El movimiento MAP de pedófilos no es real, Pizzagate tampoco

El punto de quiebre fue un video de Caraota Digital, un medio con el nombre de nuestro plato menos agraciado y conformado por tweets semi-pornográficos y noticias recalentadas. La voz de Luis Olavarrieta (de locutor de Ciudad de Saltadilla) con música de suspenso. Ochocientos mil views en Instagram. Llueve el video sobre millones de grupos de Whatsapp y –en pánico– lo comparte el radical opositor de Doral, la tía adeca y la vecina chismosa. Mi mamá me lo menciona, un poco hastiada. Mi prima segunda le comenta a Olavarrieta en su cuenta, bendiciéndolo. Mi vecina me lo manda, dudando del contenido. Irrael, el handyman de las redes sociales de pelo platinado y tatuajes a color, hace el suyo: otro video sobre el mismo tema. Más pánico. ¡Los pedófilos vienen por tus hijos! ¡El movimiento MAP, específicamente, con su bandera amarilla, azul y rosa con una franja blanca en el medio! Los pedófilos empujarán, exigirán y legalizarán la pedofilia y tú no podrás hacer a nada.

Nuestro Insólito Universo.

O no.

La leyenda urbana se hace digital en el nuevo milenio. Todos la consumen. La teoría de conspiración, la narrativa infundada se vende como verídica. La flojera mental de la era del clickbait tampoco ayuda.

Lamento romper la burbuja del terror: no existe el movimiento MAP. Tampoco existe el Pizzagate. Una página más en nuestras invenciones satánicas-pop: los pitufos son demonios entregados a Satán. Shakira le vendió el alma al diablo. Aserejé es un canto infernal (nadie se le ocurrió que es solo una pronunciación hispana de Rapper’s Delight de 1979). Más de uno debe estar molesto: creerán que estoy pagado por la elite masónica. Que quiero ayudar al sacrificio de sus hijos a Moloch. Pero qué va, ojalá estuviese enchufado a los illuminati.

Y la verdad, no entiendo que a tantos les duela que estas teorías de conspiración no sean verdad: ¿les emociona que abusen niños?

MAP: un mito de internet

Empecemos con el movimiento MAP. Cuenta Olavarrieta -y cualquier post dudoso del Twitter boomer– que existe un movimiento de activistas en pro de la pedofilia llamado movimiento MAP: Minor Attracted Person (persona atraída a menores).
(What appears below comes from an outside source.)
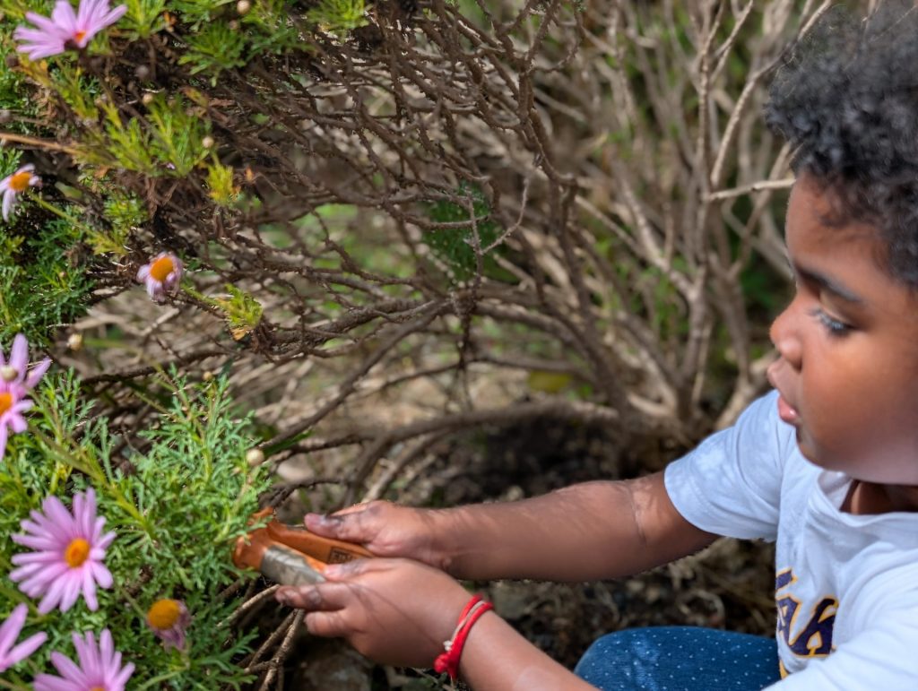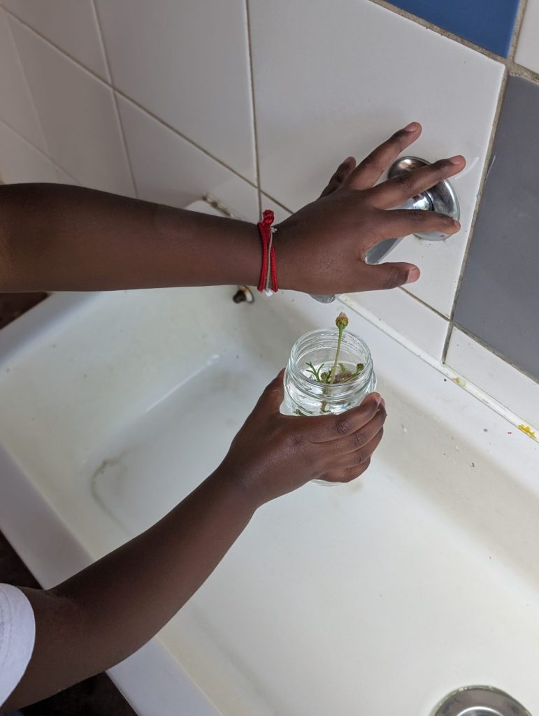 Nous avons commencé notre goûter potager. Nous avons fait des boutures.

Afortunadamente, no es así: MAP no es un movimiento. Es un término clínico para designar a personas que sufren de diferentes patologías, entre ellas la pedofilia. ¿La bandera? Un experimento de burla de internet en 2018, ya olvidado en Estados Unidos, que empieza a sonar en Venezuela porque nosotros importamos todo tarde.

En junio de 2018, la bandera del falso movimiento MAP apareció por primera vez en una página de la red social Tumblr: era un aviso, alertando de una supuesta bandera pedófila de un tal movimiento MAP que buscaba juntarse a los movimientos LGBTQIA. El post pronto fue replicado en Facebook y en medios amarillistas conservadores de Estados Unidos.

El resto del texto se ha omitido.